■ EXERCISE DATA ■

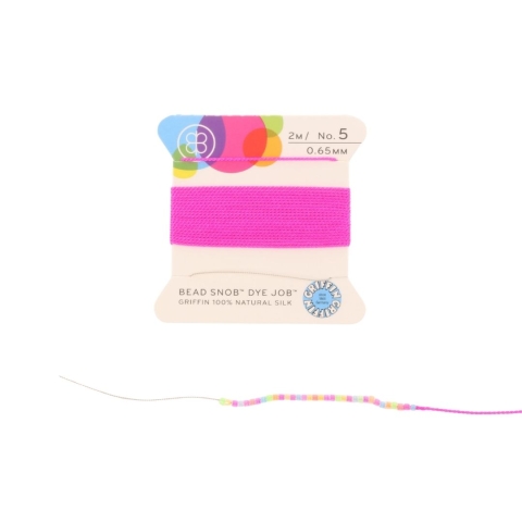 Griffin 100% natuurlijk zijden draad nr 5. Op het kaartje zit 2 meter zijden draad van 0.65 mm dikte met een handige naald aan de draad.
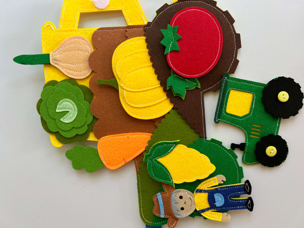 A mezőkön megérett a kukorica, krumpli és alma. A gyermek betakarítja őket, és a traktor utánfutójára rakja. Vajon ma piacra viszünk zöldséget vagy szénát a pajtába? Nézd meg, mi érett meg!
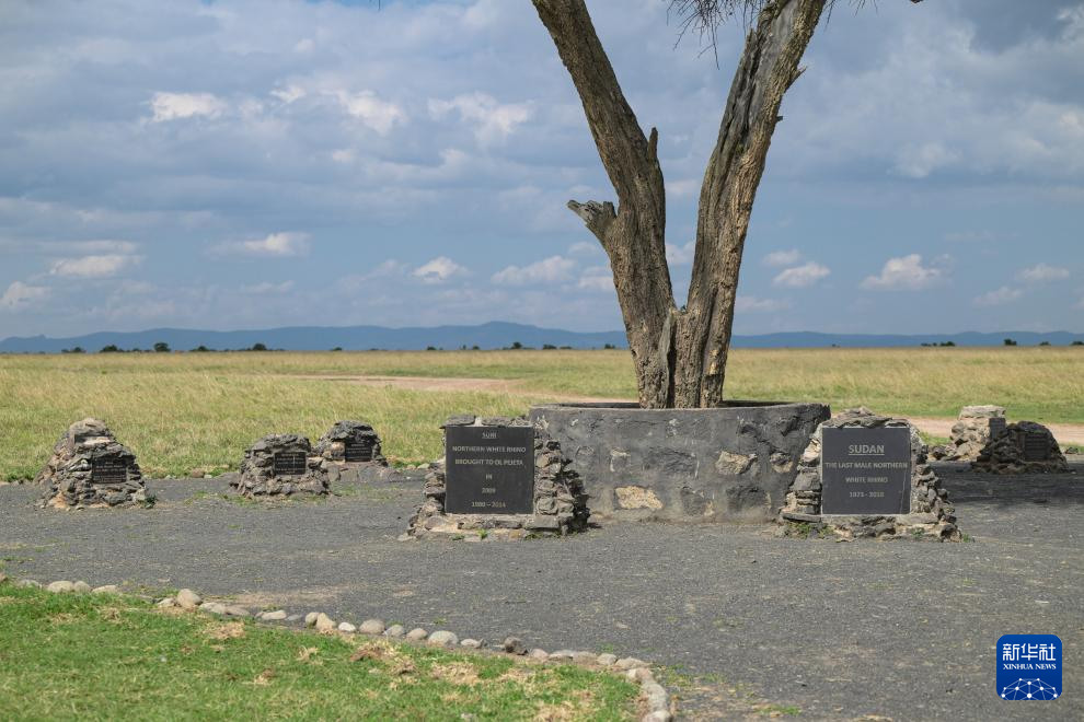 这是10月7日在肯尼亚中部莱基皮亚郡奥尔佩杰塔自然保护区拍摄的过世犀牛的纪念碑。
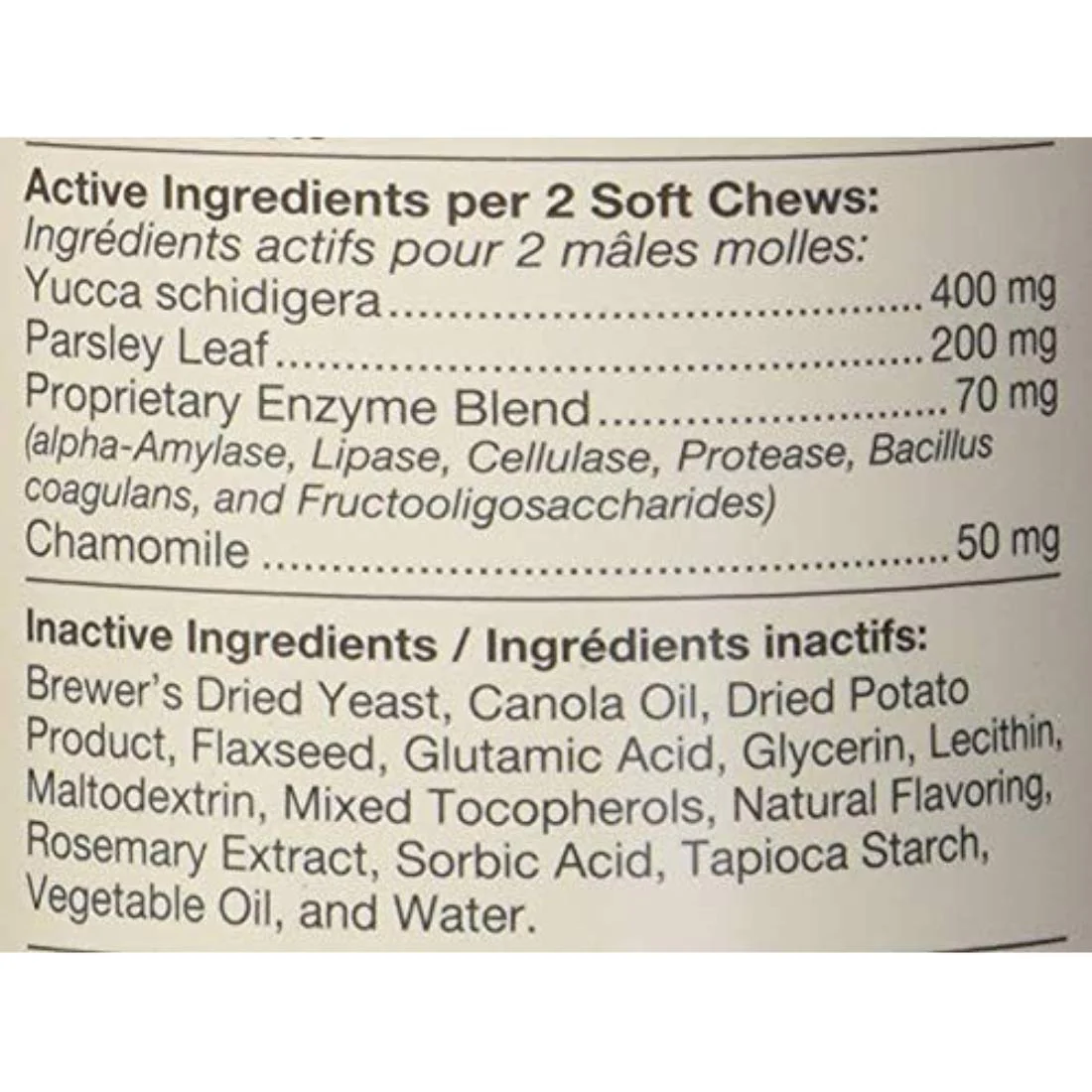 * Nuestra combinación de fórmula especial de yuca, perejil, manzanilla y enzimas patentadas ayuda a los perros a consumir sus propias heces o las heces de otros perros, si también se alimentan con NaturVet Coprophagia.
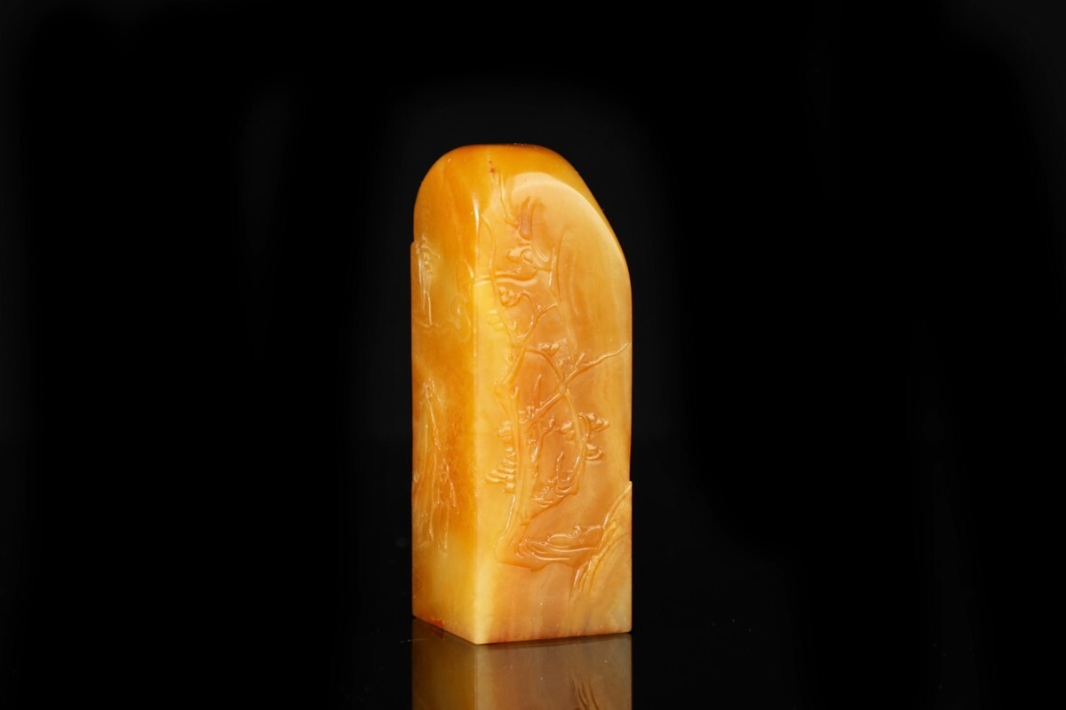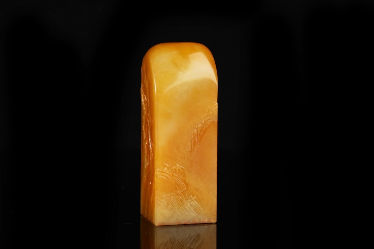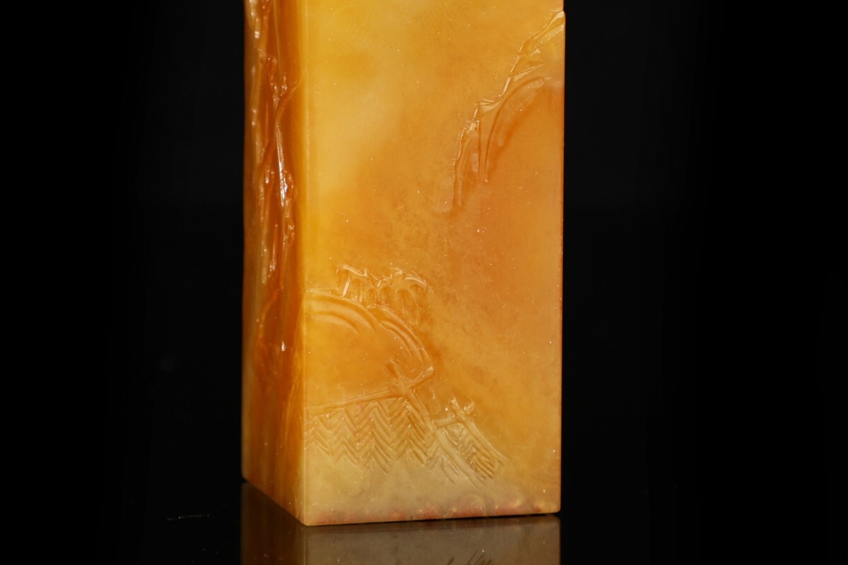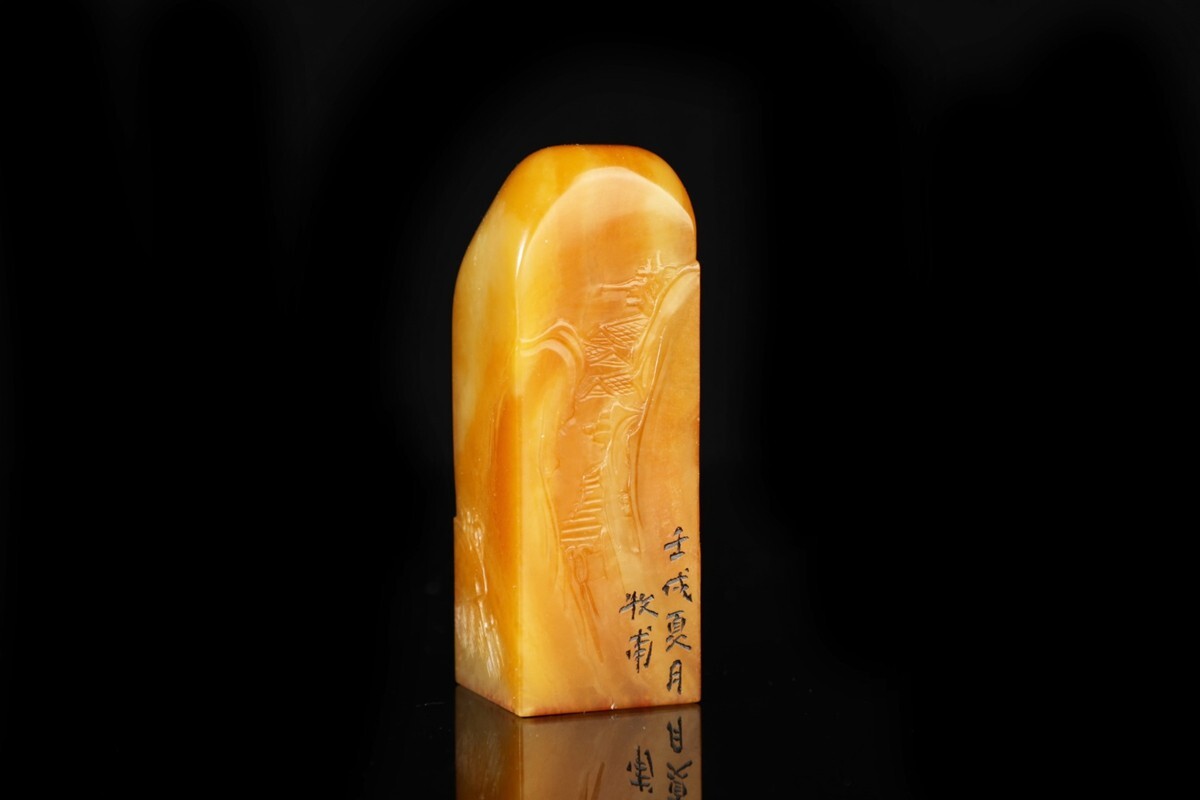【瓏】寿山石 田黄石彫 山水人物印章 清代 牧甫 極細工 手彫り 置物擺件 中国古賞物 古美術 蔵出
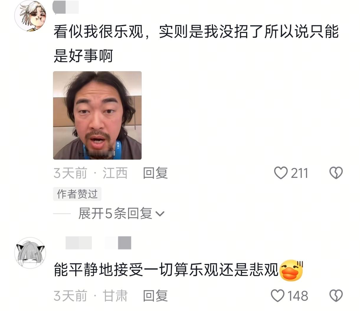 乐观主义者原来我是没招主义啊还以为是乐观呢。
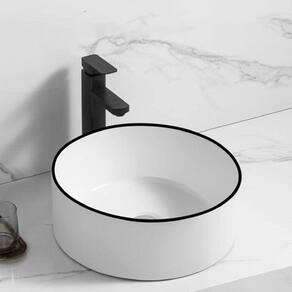 Com dimensões cuidadosamente projetadas de 39cm de largura, 39cm de profundidade e uma altura imponente de 15cm, esta cuba branca com borda preta redefine o conceito de sofisticação no seu banheiro.
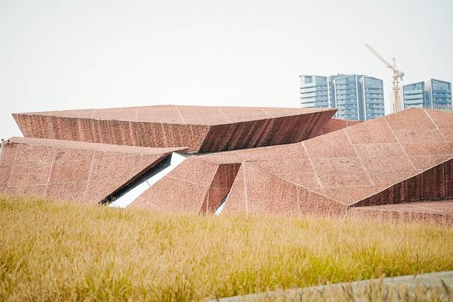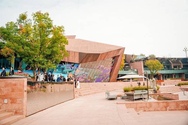 远离成都市中心的热闹繁华,周围湖水绿植环绕,仿佛遗世独立,与自然浑然天成。整体红色的建筑与周围的红砂岩地貌融为一体,抽象几何的建筑风格,更是让人赞叹不已。
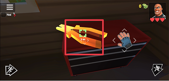 3、電箱打開后,我們需要用到鉗子把電線剪開,同樣根據(jù)黃色箭頭指引來到小房間內(nèi),然后點擊手將鉗子撿起來。
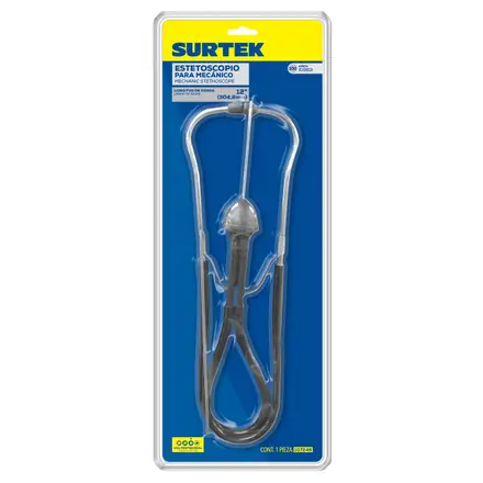 El estetoscopio para mecánico Surtek de 12 pulgadas permite localizar rápidamente ruidos en el motor, cojinetes, transmisión, diferencial y baleros. Incorpora un diafragma súper delgado que amplifica el sonido, facilitando diagnósticos precisos en talleres automotrices. Fabricado en aluminio, es ligero, resistente y adecuado para uso profesional.
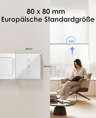 Allevoi Wlan Rolladenschalter mit Prozentfunktion, Smart Rolladen Zeitschaltuhr Sprachsteuerung, Kompatibel mit Alexa/Google Home/Smart Life, Jalousien Rolladensteuerung Benötigt Nullleiter
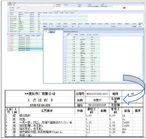 (3)生产工序和零件工艺种类庞杂,纸质工艺过程卡的流转困难且文档查找困难。工艺流程主要由机加工工序构成:割、车、铣、钻、镗、热处理等共十几道工序。而且产品结构和制作工艺通常在收到客户订单后才能被确定,这种方式对生产的柔性要求大大增加。
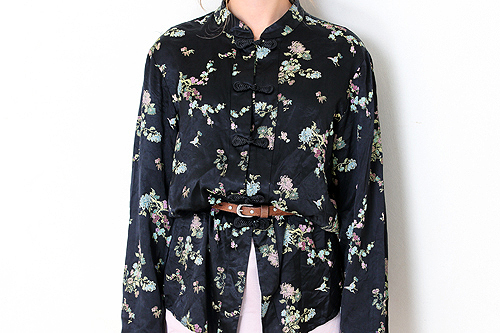 古着屋で見つけたチャイナ風のブラウスがポイント。全体的にダラっとしてしまうので、ベルトで引き締めました。ペチコートをスカート代わりにするのは、トライしてみたかったテクニックなんです!

■ EXERCISE AIM ■
Set down every record word for word and leave out the pictures.

■ OUTPUT BELOW ■
 Griffin 100% natuurlijk zijden draad nr 5. Op het kaartje zit 2 meter zijden draad van 0.65 mm dikte met een handige naald aan de draad.
 A mezőkön megérett a kukorica, krumpli és alma. A gyermek betakarítja őket, és a traktor utánfutójára rakja. Vajon ma piacra viszünk zöldséget vagy szénát a pajtába? Nézd meg, mi érett meg!
 这是10月7日在肯尼亚中部莱基皮亚郡奥尔佩杰塔自然保护区拍摄的过世犀牛的纪念碑。
 * Nuestra combinación de fórmula especial de yuca, perejil, manzanilla y enzimas patentadas ayuda a los perros a consumir sus propias heces o las heces de otros perros, si también se alimentan con NaturVet Coprophagia.
【瓏】寿山石 田黄石彫 山水人物印章 清代 牧甫 極細工 手彫り 置物擺件 中国古賞物 古美術 蔵出
 乐观主义者原来我是没招主义啊还以为是乐观呢。
 Com dimensões cuidadosamente projetadas de 39cm de largura, 39cm de profundidade e uma altura imponente de 15cm, esta cuba branca com borda preta redefine o conceito de sofisticação no seu banheiro.
 远离成都市中心的热闹繁华,周围湖水绿植环绕,仿佛遗世独立,与自然浑然天成。整体红色的建筑与周围的红砂岩地貌融为一体,抽象几何的建筑风格,更是让人赞叹不已。
 3、電箱打開后,我們需要用到鉗子把電線剪開,同樣根據(jù)黃色箭頭指引來到小房間內(nèi),然后點擊手將鉗子撿起來。
 El estetoscopio para mecánico Surtek de 12 pulgadas permite localizar rápidamente ruidos en el motor, cojinetes, transmisión, diferencial y baleros. Incorpora un diafragma súper delgado que amplifica el sonido, facilitando diagnósticos precisos en talleres automotrices. Fabricado en aluminio, es ligero, resistente y adecuado para uso profesional.
 Allevoi Wlan Rolladenschalter mit Prozentfunktion, Smart Rolladen Zeitschaltuhr Sprachsteuerung, Kompatibel mit Alexa/Google Home/Smart Life, Jalousien Rolladensteuerung Benötigt Nullleiter
 (3)生产工序和零件工艺种类庞杂,纸质工艺过程卡的流转困难且文档查找困难。工艺流程主要由机加工工序构成:割、车、铣、钻、镗、热处理等共十几道工序。而且产品结构和制作工艺通常在收到客户订单后才能被确定,这种方式对生产的柔性要求大大增加。
 古着屋で見つけたチャイナ風のブラウスがポイント。全体的にダラっとしてしまうので、ベルトで引き締めました。ペチコートをスカート代わりにするのは、トライしてみたかったテクニックなんです!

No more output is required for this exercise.